### [Task to carry out]
Retype the line with "O esquilo fingindo" exactly. Then retype every line after it through the end of the entries below, and nothing more, leaving out pictures.
START Given entries
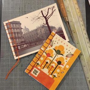 Turning upcycled postcards, paper and materials into handy notebooks with a variety of different stitches. During this class you’ll cover Japanese Stab Binding, Saddle Stitch and various other decorative stitches.
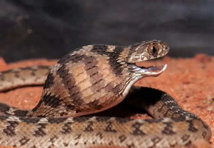 Во-первых, яичная змея почти полностью лишена зубов. В общем-то, они и не нужны, если твоя добыча ещё даже не родилась. Делать кусь при таких обстоятельствах – бессмысленно. Поэтому рептилия выглядит словно бабушка, забывшая вставить свою челюсть.
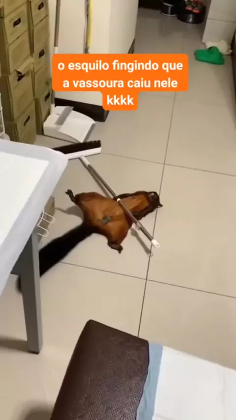O esquilo fingindo que a vassoura caiu nele kkkkk🤣 merece um Oscar👏👏
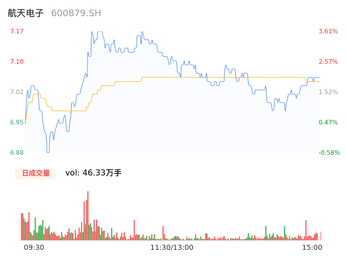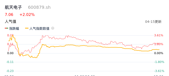 04月15日,航天电子收报7.06,股价涨幅2.02%,成交金额3.27亿元,换手率1.43%。
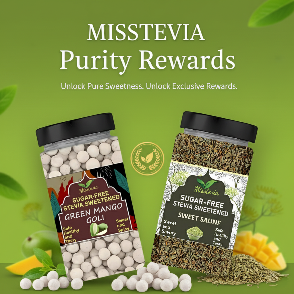 Stevia Credits are the points you earn with every purchase. They are valued at 10 points = ₹1 off.
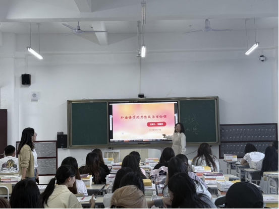 2025年10月17日下午,外国语学院党委书记刘碧芬在理综112教室为2024级英语专业学生讲授思想政治理论课。本次课程以《习近平谈治国理政》第五卷为主要学习内容,重点围绕“以中国式现代化全面推进中华民族伟大复兴”和“进一步全面深化改革 推进中国式现代化”两个专题展开。
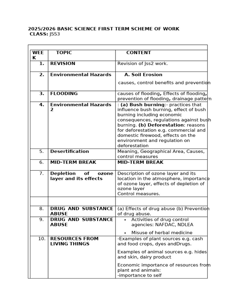 JSS3 Security Education Scheme of Work-PDF|1st,2nd,&3rd Term | - SyllabusNG
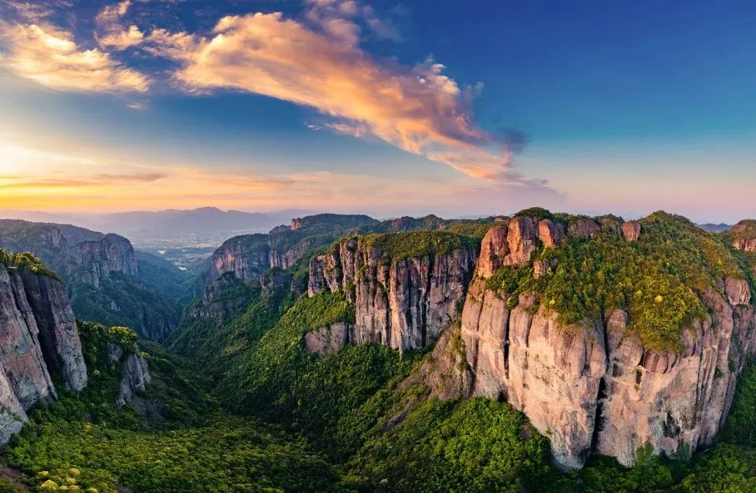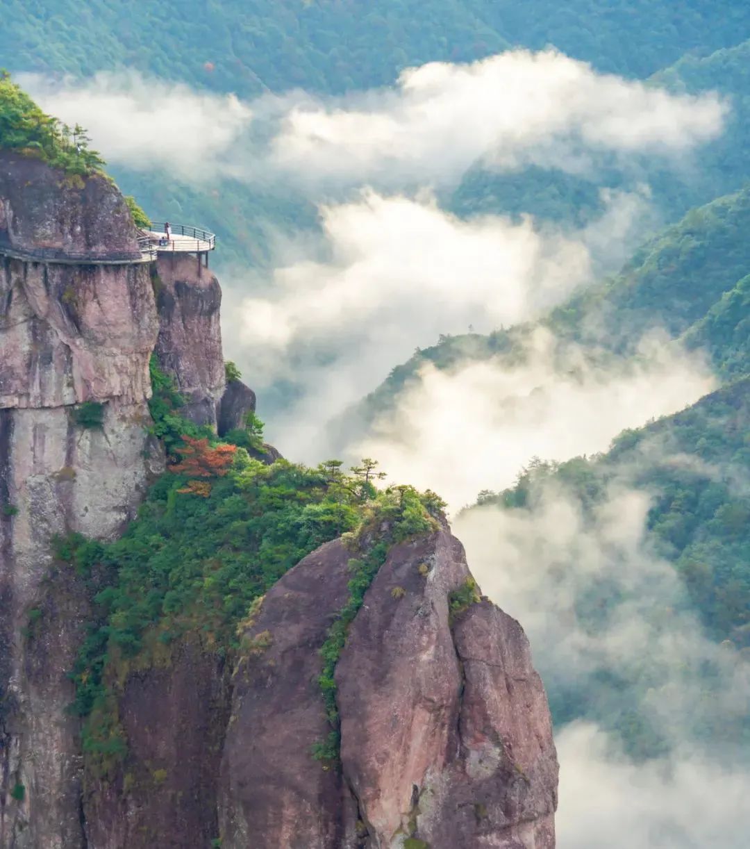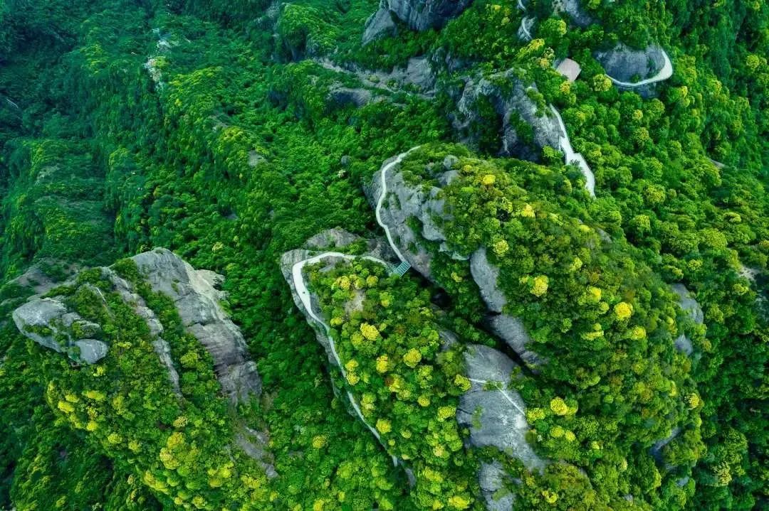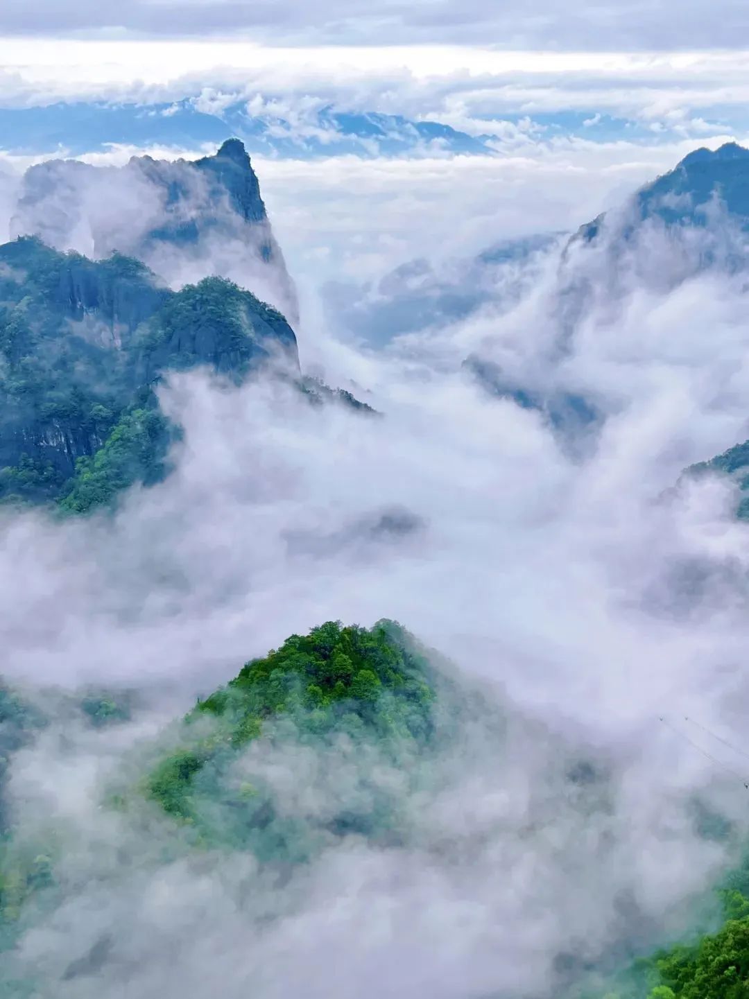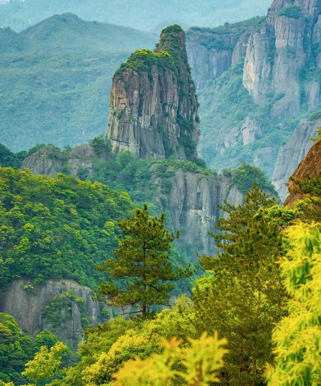 火山喷发造就的火山流纹岩地貌形成了这里的群山底色;长久的风雨剥蚀,自由生长的植物形成了这里的奇峰林立、云海雾涛、山色迷离的迷人景色。
END Given entries
### [Answer to the problem]
O esquilo fingindo que a vassoura caiu nele kkkkk🤣 merece um Oscar👏👏
 04月15日,航天电子收报7.06,股价涨幅2.02%,成交金额3.27亿元,换手率1.43%。
 Stevia Credits are the points you earn with every purchase. They are valued at 10 points = ₹1 off.
 2025年10月17日下午,外国语学院党委书记刘碧芬在理综112教室为2024级英语专业学生讲授思想政治理论课。本次课程以《习近平谈治国理政》第五卷为主要学习内容,重点围绕“以中国式现代化全面推进中华民族伟大复兴”和“进一步全面深化改革 推进中国式现代化”两个专题展开。
 JSS3 Security Education Scheme of Work-PDF|1st,2nd,&3rd Term | - SyllabusNG
 火山喷发造就的火山流纹岩地貌形成了这里的群山底色;长久的风雨剥蚀,自由生长的植物形成了这里的奇峰林立、云海雾涛、山色迷离的迷人景色。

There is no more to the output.